Our old cluster runs a different scheduler, and we want to move to PBS pro along a “path of least resistance”. Without bending PBS pro too much - but also without having to rewrite scripts, jobs guides etc more than we have to.

My present query is related to how reservations work in PBS pro - vs how we are “used to” reservations working.
We have an operational user (“prod”), which automatically runs all the high-prio jobs. Other users submit jobs for eg. testing, development and hindcasting.

We enforce a 1.5h maximum wall time on all jobs - and since we have full control of users, no jobs will ask to get the walltime extended during run time. An “operational reservation” can be submitted more than 2 hours before it is used. In principle, this does not actually have to be implemented as a “reservation”. Anything, which will keep other users jobs away from the “reserved” nodes will do. Maybe hooks is the way to go - I don’t know PBS pro well enough to make that decision. Preferably, jobs from user prod should be able to run on any nodes - even spanning to nodes, which are not explicitly part of the “reservation”. It does not really matter how much other jobs/users are delayed in that process.

Preferably, our “job control system”, which actually submits operational jobs to the queue/scheduler, should not need to know anything about reservation queues and similar things.
On the “old system” all jobs are submitted to a single queue, i.e. there are no “reservation queues”.
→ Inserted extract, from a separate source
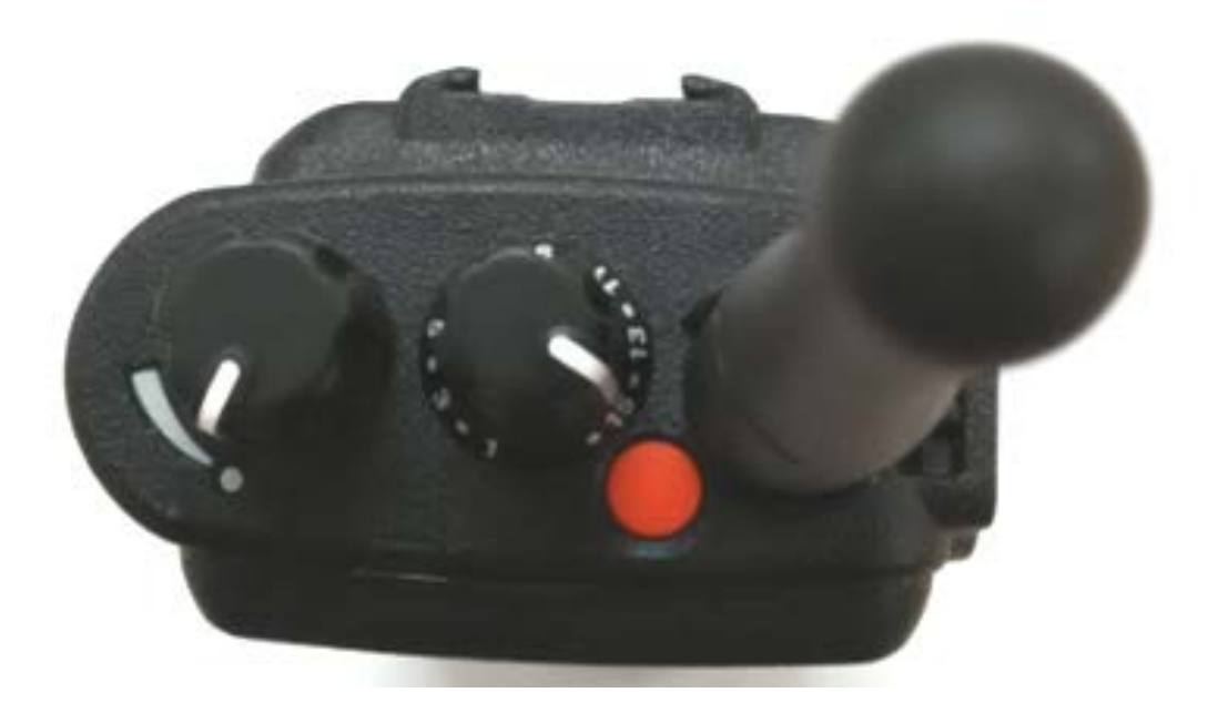
Exhibit 3F – Top View

Our node usage is always job-exclusive: mom are set up with “sharing = force_exclhost”. To help the scheduler, jobs are also submitted with -l place=exclhost (typically even scatter:exclhost).

Thus, basically I am looking for ways to have PBS pro “reserve” some resources/nodes in time - without creating “boundaries” for the jobs in time or space (spanning nodes).
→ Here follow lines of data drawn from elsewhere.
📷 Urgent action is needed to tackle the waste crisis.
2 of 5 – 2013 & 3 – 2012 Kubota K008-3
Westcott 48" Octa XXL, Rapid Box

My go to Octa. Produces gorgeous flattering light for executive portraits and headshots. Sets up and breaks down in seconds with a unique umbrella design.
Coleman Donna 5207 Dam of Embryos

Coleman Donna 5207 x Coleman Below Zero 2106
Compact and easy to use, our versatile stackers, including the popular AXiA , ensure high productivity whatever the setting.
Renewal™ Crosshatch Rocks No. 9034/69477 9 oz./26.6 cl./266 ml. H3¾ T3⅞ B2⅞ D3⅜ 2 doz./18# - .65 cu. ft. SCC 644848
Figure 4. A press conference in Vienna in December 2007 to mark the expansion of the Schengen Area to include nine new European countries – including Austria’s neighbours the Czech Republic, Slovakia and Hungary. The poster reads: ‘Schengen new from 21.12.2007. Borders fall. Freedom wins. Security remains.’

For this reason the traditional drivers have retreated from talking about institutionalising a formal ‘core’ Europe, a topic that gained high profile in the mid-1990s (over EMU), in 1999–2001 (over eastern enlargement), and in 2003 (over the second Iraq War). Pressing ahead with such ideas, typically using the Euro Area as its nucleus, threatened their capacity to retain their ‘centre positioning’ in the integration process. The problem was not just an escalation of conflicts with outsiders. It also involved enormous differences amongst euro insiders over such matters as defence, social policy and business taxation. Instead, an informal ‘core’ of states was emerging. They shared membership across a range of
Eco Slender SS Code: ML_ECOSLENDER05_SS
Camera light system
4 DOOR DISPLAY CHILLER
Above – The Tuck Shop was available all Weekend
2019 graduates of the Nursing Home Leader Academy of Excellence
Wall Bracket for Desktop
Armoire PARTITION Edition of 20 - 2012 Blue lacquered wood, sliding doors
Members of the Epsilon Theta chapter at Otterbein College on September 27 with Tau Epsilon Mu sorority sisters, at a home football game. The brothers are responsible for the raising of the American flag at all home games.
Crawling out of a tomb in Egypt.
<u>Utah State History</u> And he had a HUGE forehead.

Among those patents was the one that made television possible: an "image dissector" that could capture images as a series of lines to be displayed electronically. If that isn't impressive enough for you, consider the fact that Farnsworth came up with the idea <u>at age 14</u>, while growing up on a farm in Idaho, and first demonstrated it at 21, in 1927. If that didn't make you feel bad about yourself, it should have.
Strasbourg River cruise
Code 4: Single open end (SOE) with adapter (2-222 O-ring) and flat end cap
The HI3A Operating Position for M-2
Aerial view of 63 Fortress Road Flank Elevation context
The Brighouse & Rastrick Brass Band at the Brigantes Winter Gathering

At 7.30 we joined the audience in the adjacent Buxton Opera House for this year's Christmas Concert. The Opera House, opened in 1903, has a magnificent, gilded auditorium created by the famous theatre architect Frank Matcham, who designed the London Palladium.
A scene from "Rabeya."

I cannot line up all the jobs prior to the start of the “operational compute cycle”, as some jobs will depend on various external parameters - also stuff, which is unknown at the onset of the compute cycle. Also, it is quite normal, that there may be a few minutes at a time, where the queue is seemingly empty of operational jobs, and it is important that the scheduler does not start low-priority jobs at these times. It is also normal, that some operational jobs may start “ahead of time” - as soon as they are ready to go, rather than waiting for the onset of the reservation.

If I use what seems to be the standard reservation in PBS pro (pbs_rsub), then apparently I must submit (or move) jobs to the reservation queue in order to use the reservation. Also, jobs cannot start before the reservation onset - and continue to run while the reservation becomes active. Although this is a smaller issue for us, jobs also seemingly cannot span reserved and non-reserved hosts.

Are there any commonly used / well-known ways to reserve resources in a “transparent to the jobs” way? A good way to do this would help me a lot in porting to PBS pro.

Please let me know if I ask the wrong questions, or if the questions do not make sense.

Thanks!

Bjarne

Hello Bjarne,

Forgive me if I’m oversimplifying your environment, but it sounds like your main requirement is to have your production jobs run immediately. This may be accomplished by utilizing express queues (see admin guide). I would suggest creating an express queue and applying an ACL that only allows submission from user “prod”. The scheduler will preempt other jobs to get your production work running ASAP. If express queues are not an option, please help us better understand your requirements.

Thanks,

Mike

Hi Mike,

That is indeed the case. However, we also run lower-priority jobs, which may claim the resources for up to, say, 60 or 90 minutes at a time; jobs, which we cannot easily checkpoint, and restart (after preemption) will require quite a bit of coding on our part.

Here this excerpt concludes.